Mumbai, Sep 4 (IANS) High crude oil prices and negative global cues pulled the Indian rupee to a new record low of 71.58 per US dollar on Tuesday.
It opened at 71.24 per US dollar surpassing the previous low of 71.21 per greenback, at which it had closed on Monday.
The Indian rupee closed at 71.58 per US dollar -- the lowest ever mark -- against the greenback at the Inter-Bank Foreign Exchange Market.
"Surge in oil prices, weakness in EM currencies, sell-off in local equity and debt pushed the rupee lower. Over the near term. we expect a range of 71 to 72.20 on spot," Anindya Banerjee, Deputy Vice President for Currency and Interest Rates with Kotak Securities, told IANS.
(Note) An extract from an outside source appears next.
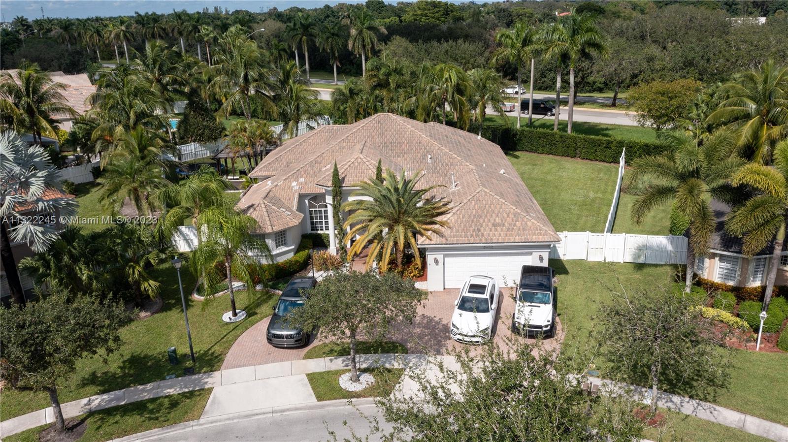 COMPLETELY RENOVATED MONTEREY MODEL, DESIRABLE 3 WAY SPLIT FLOOR PLAN, 4 BEDROOMS+DEN (THEATER ROOM) PRIVATE MAN CAVE ROOM, 3 UPDATED BATHS, ELEGANT MASTER SUITE W/UPGRADED BATHROOM 2021 AND CALIFORNIA CLOSETS, GRANITE KITCHEN W/SS APPLIANCES, WOOD CABINETS, MARBLE FLOORS ON MAIN AREAS LAMINATED WOOD FLOORS ON BEDROOMS, 2 AC UNITS 2018,ACCORDION SHUTTERS, CONCRETE LANDSCAPE BORDERS, EXTERIOR LIGHTING WITH BEAUTIFUL POOL, BACKYARD WITH SPECTACULAR PARADISE PAVERED PATIO WITH LARGE COVERED PORCH AND LUSH TROPICAL LANDSCAPING, SUMMER KITCHEN, HALF BASKETBALL COURT, BATTING CAGE PACKAGE. PREMIUM SIZE LOT OVER 18,000 SF CORNER WITH CIRCULAR DRIVEWAY. GATED COMMUNITY RESORT STYLE CLUB HOUSE, HEATED POOL, SPA, FITNES CENTER, TENNIS AND BASKETBALL COURT.HOA INCLUDES CABLE-HIGH SPEED INTERNET ALARM

According to Edelweiss Securities' Head of Forex and Rates Sajal Gupta: "USD-INR market is overheated now... This may lead to some shallow corrections but trend firmly remains upwards."
"Markets are looking at signals from RBI... in case 72 is breached and no major interventions happen... 73.50 is the next technical level that can be seen sooner than expected."
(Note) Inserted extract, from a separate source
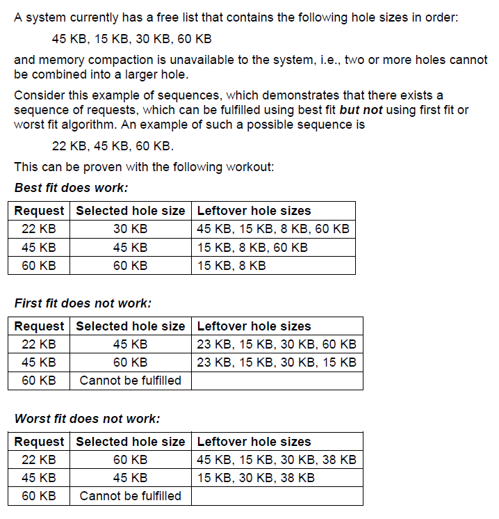 Using the same approach as shown above, find a sequence of precisely 4 requests, which can be fulfilled using first fit but not using best fit or worst fit algorithm.

Rushabh Maru -- Research Analyst at Anand Rathi Shares and Stock Brokers said: "RBI intervention is very less despite the fact that forex reserves are around $400 billion."
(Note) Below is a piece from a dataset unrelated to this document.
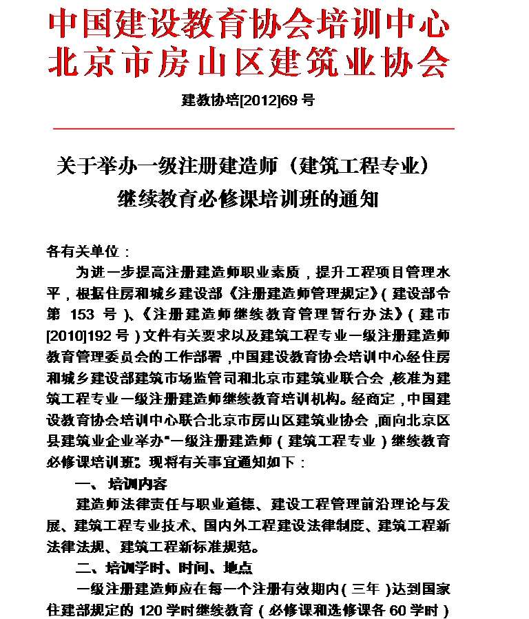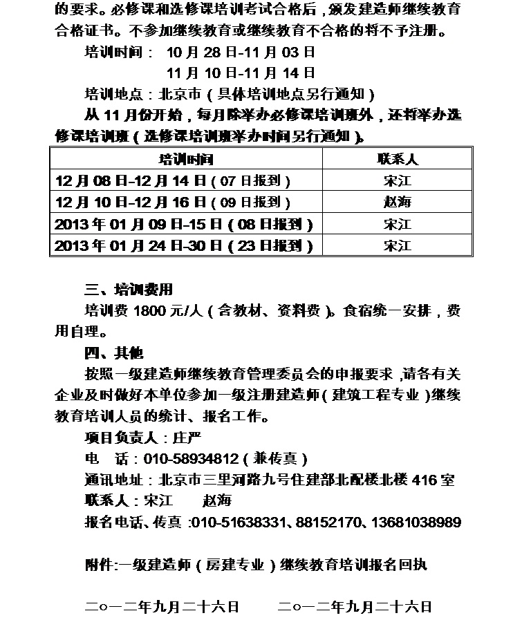 附件:一级建造师(房建专业)继续教育培训报名回执

"There are talks of out-of-the-monetary-policy interest rate hike by the RBI and issuance of NRI bond issue to raise dollar money. However, at present possibility of both the options is very low as the macroeconomic situation is much better than it was in 2013."
In recent days, geo-political developments over trade protectionist measures along with high crude oil prices and an outflow of foreign funds from the equities market have pulled the Indian rupee to fresh record intra-day and closing lows.